DATASET RECORDS:
|---|

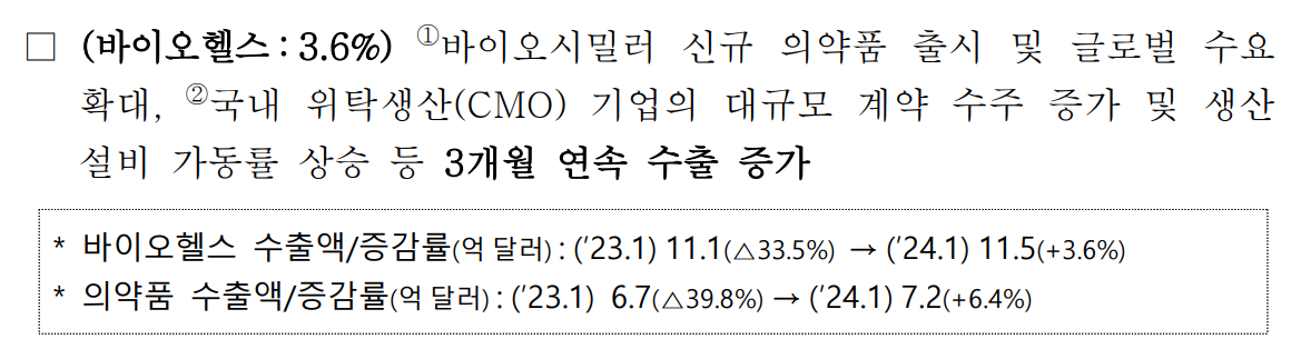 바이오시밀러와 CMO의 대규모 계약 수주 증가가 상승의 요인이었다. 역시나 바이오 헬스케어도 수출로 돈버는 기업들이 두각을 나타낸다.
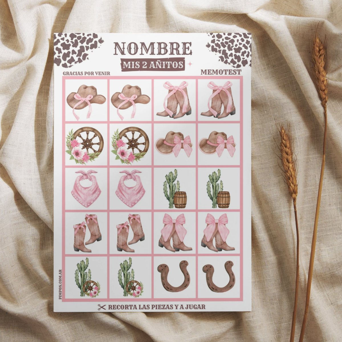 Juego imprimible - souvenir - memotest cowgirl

|---|

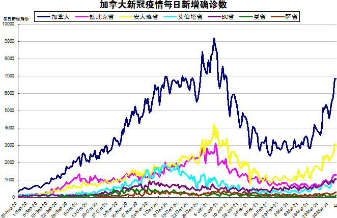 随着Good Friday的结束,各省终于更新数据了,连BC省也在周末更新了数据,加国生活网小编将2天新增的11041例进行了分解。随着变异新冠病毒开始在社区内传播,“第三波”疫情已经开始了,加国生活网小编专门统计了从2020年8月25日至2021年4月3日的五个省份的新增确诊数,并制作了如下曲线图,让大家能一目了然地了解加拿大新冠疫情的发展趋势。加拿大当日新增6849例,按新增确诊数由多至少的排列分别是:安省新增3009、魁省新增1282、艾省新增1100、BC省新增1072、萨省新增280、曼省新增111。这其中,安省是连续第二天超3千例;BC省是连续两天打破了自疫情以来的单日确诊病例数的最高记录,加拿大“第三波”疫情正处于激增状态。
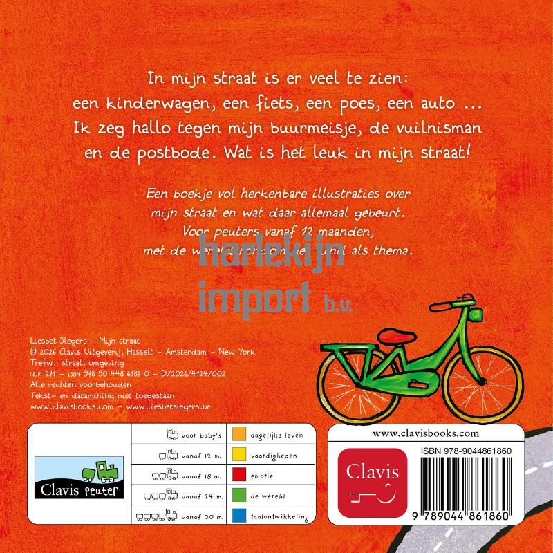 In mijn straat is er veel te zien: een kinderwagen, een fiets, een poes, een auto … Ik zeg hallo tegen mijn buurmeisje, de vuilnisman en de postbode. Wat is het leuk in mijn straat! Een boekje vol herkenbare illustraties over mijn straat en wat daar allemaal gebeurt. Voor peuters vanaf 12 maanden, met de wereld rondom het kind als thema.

|---|

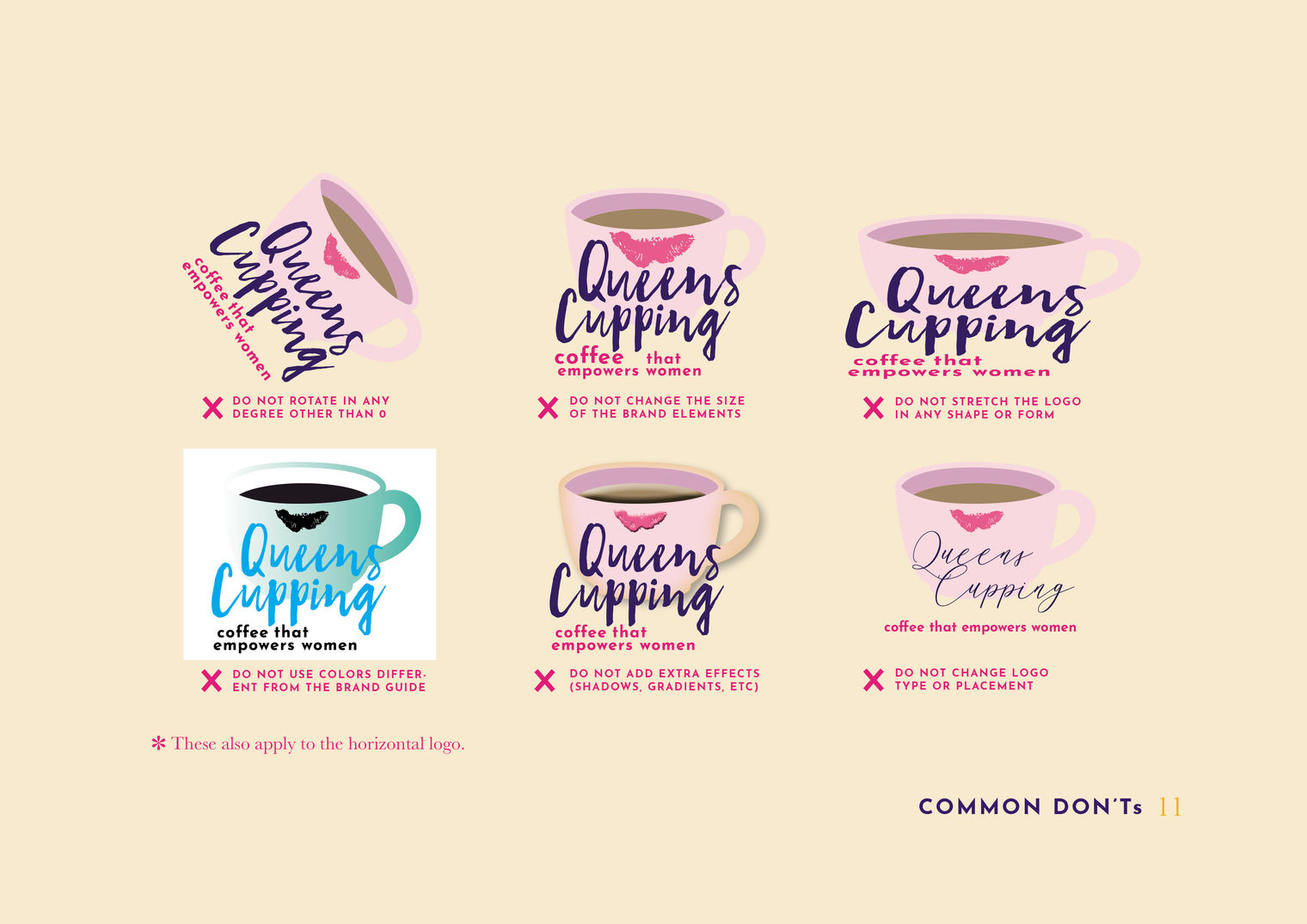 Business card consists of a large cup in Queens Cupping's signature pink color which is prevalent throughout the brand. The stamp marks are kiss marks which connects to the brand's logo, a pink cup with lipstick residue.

|---|

TASK DESCRIPTION: Beginning with the line above that contains "随着Good Friday的" and finishing with the line that contains "In mijn straat is", print those lines exactly and only. Skip all pictures.

OUTPUT FOR THIS TASK:
 随着Good Friday的结束,各省终于更新数据了,连BC省也在周末更新了数据,加国生活网小编将2天新增的11041例进行了分解。随着变异新冠病毒开始在社区内传播,“第三波”疫情已经开始了,加国生活网小编专门统计了从2020年8月25日至2021年4月3日的五个省份的新增确诊数,并制作了如下曲线图,让大家能一目了然地了解加拿大新冠疫情的发展趋势。加拿大当日新增6849例,按新增确诊数由多至少的排列分别是:安省新增3009、魁省新增1282、艾省新增1100、BC省新增1072、萨省新增280、曼省新增111。这其中,安省是连续第二天超3千例;BC省是连续两天打破了自疫情以来的单日确诊病例数的最高记录,加拿大“第三波”疫情正处于激增状态。
 In mijn straat is er veel te zien: een kinderwagen, een fiets, een poes, een auto … Ik zeg hallo tegen mijn buurmeisje, de vuilnisman en de postbode. Wat is het leuk in mijn straat! Een boekje vol herkenbare illustraties over mijn straat en wat daar allemaal gebeurt. Voor peuters vanaf 12 maanden, met de wereld rondom het kind als thema.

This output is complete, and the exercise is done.